▶ [Activity]
From the listing below, copy only the lines running from the line that contains "ベルトは輸入品をはじめ、大阪" to the line that contains "В продаже 1-к", both included.

[Opening Source material section]

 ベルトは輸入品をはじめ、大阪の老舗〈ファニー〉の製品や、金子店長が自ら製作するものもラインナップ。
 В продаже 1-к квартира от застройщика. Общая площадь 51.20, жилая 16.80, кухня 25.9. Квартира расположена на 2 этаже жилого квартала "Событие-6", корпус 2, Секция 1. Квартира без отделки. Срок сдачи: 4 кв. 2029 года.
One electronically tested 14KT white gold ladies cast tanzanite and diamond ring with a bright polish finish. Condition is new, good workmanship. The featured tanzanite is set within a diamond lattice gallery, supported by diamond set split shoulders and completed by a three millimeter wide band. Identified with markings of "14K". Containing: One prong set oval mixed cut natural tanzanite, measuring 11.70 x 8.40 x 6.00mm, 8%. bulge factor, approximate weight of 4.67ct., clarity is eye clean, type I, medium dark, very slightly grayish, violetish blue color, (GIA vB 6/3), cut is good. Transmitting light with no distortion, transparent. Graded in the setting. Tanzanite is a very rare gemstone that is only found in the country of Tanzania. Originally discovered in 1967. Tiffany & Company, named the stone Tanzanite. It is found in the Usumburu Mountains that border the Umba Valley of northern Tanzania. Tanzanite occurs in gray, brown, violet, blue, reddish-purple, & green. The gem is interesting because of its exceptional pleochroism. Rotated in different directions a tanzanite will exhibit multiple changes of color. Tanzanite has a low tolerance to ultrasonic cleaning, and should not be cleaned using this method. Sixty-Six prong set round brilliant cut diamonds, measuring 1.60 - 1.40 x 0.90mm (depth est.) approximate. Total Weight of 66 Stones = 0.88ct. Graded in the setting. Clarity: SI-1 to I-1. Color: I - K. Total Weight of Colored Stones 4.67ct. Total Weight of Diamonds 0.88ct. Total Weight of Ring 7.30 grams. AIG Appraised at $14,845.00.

[Closing Source material section]
[Opening Source material section]

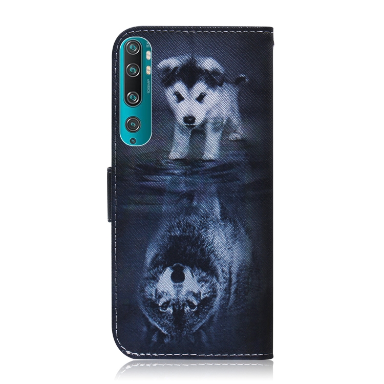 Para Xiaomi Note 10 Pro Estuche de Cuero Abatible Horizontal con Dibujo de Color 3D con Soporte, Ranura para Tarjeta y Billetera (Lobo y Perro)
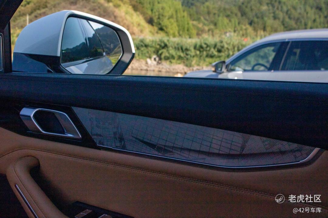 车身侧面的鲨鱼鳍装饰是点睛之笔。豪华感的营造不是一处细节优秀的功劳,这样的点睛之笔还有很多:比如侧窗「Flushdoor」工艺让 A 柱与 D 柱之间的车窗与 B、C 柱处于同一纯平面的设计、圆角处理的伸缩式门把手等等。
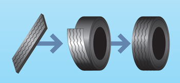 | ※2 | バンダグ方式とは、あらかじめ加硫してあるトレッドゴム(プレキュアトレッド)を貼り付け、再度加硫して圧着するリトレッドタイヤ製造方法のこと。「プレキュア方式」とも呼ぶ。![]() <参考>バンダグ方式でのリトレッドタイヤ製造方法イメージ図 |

[Closing Source material section]

▶ [Response to the task]
 ベルトは輸入品をはじめ、大阪の老舗〈ファニー〉の製品や、金子店長が自ら製作するものもラインナップ。
 В продаже 1-к квартира от застройщика. Общая площадь 51.20, жилая 16.80, кухня 25.9. Квартира расположена на 2 этаже жилого квартала "Событие-6", корпус 2, Секция 1. Квартира без отделки. Срок сдачи: 4 кв. 2029 года.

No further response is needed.